→ What to work on
Using the listing below, output only the lines from the one that contains "recorded or ignored." through the one that contains "影响电销团队效率三大因素首先", inclusive, exactly as given and without images.

→ Given records
—————

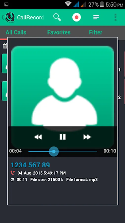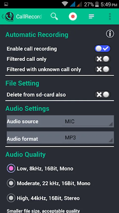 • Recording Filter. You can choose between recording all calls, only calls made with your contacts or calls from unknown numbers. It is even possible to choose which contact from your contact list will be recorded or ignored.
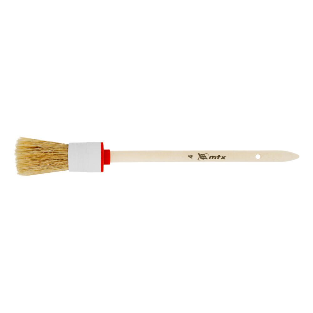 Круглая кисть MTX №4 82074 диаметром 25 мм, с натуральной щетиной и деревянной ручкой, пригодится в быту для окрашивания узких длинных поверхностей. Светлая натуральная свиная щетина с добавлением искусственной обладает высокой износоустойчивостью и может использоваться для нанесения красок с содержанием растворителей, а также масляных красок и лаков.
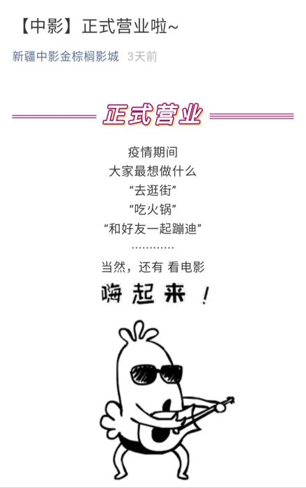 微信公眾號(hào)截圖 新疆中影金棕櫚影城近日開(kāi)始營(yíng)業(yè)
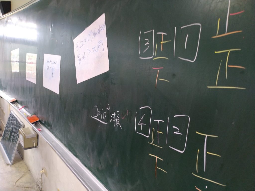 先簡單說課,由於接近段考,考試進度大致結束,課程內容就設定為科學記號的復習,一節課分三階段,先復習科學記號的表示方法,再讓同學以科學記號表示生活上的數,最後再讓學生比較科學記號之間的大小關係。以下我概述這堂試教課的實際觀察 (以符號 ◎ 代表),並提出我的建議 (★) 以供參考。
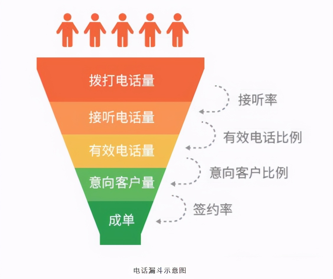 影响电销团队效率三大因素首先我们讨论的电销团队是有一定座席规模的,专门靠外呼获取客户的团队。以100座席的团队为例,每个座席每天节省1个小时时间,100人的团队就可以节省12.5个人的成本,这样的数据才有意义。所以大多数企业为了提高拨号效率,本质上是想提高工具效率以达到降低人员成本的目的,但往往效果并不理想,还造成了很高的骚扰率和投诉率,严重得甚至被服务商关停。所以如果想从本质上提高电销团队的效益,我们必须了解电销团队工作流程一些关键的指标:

—————

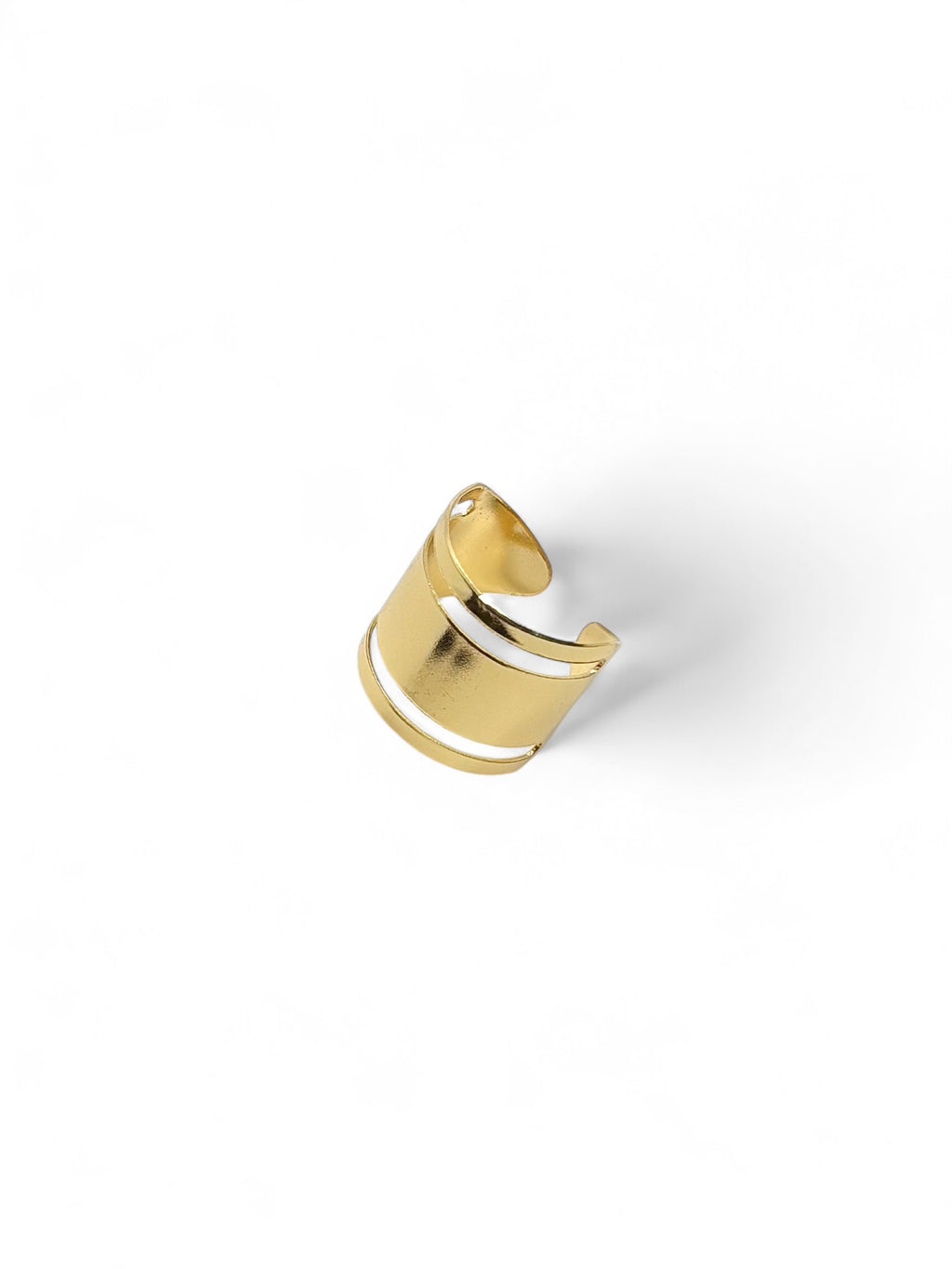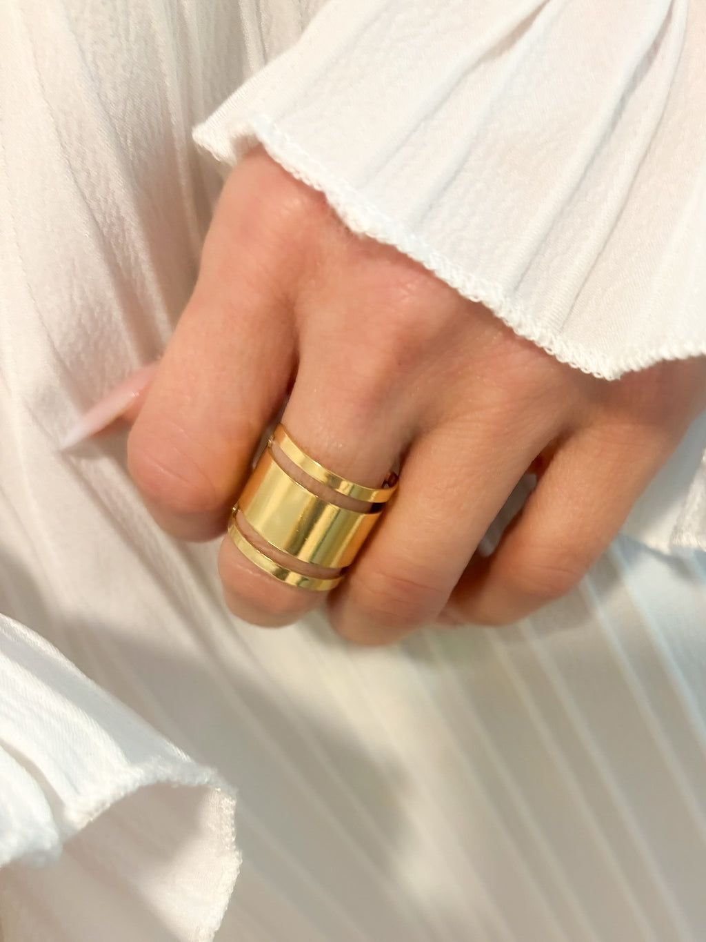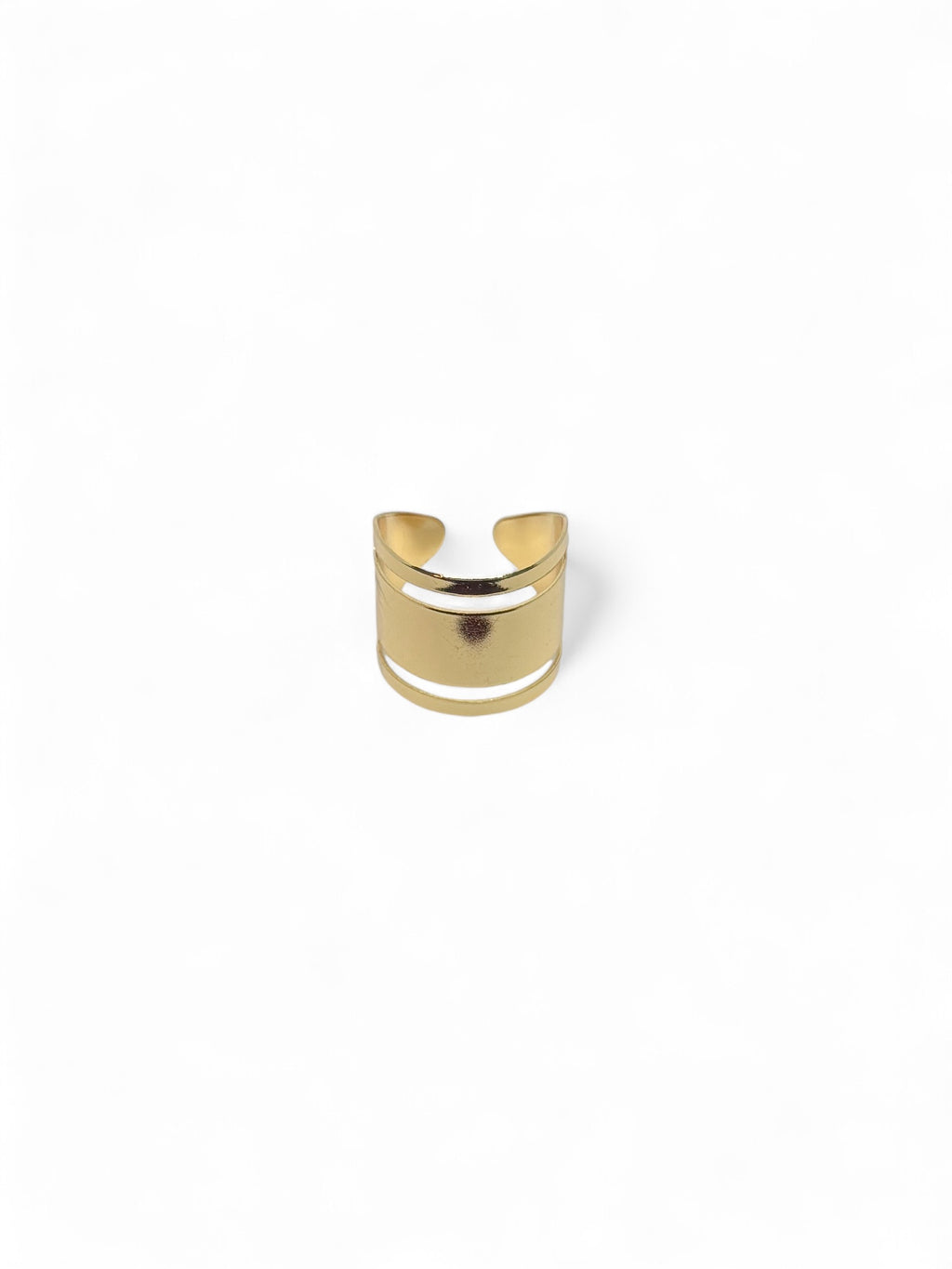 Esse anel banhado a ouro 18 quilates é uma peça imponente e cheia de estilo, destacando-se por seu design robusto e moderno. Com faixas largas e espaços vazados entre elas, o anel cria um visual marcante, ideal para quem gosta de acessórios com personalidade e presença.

—————

→ Answer area
 • Recording Filter. You can choose between recording all calls, only calls made with your contacts or calls from unknown numbers. It is even possible to choose which contact from your contact list will be recorded or ignored.
 Круглая кисть MTX №4 82074 диаметром 25 мм, с натуральной щетиной и деревянной ручкой, пригодится в быту для окрашивания узких длинных поверхностей. Светлая натуральная свиная щетина с добавлением искусственной обладает высокой износоустойчивостью и может использоваться для нанесения красок с содержанием растворителей, а также масляных красок и лаков.
 微信公眾號(hào)截圖 新疆中影金棕櫚影城近日開(kāi)始營(yíng)業(yè)
 先簡單說課,由於接近段考,考試進度大致結束,課程內容就設定為科學記號的復習,一節課分三階段,先復習科學記號的表示方法,再讓同學以科學記號表示生活上的數,最後再讓學生比較科學記號之間的大小關係。以下我概述這堂試教課的實際觀察 (以符號 ◎ 代表),並提出我的建議 (★) 以供參考。
 影响电销团队效率三大因素首先我们讨论的电销团队是有一定座席规模的,专门靠外呼获取客户的团队。以100座席的团队为例,每个座席每天节省1个小时时间,100人的团队就可以节省12.5个人的成本,这样的数据才有意义。所以大多数企业为了提高拨号效率,本质上是想提高工具效率以达到降低人员成本的目的,但往往效果并不理想,还造成了很高的骚扰率和投诉率,严重得甚至被服务商关停。所以如果想从本质上提高电销团队的效益,我们必须了解电销团队工作流程一些关键的指标:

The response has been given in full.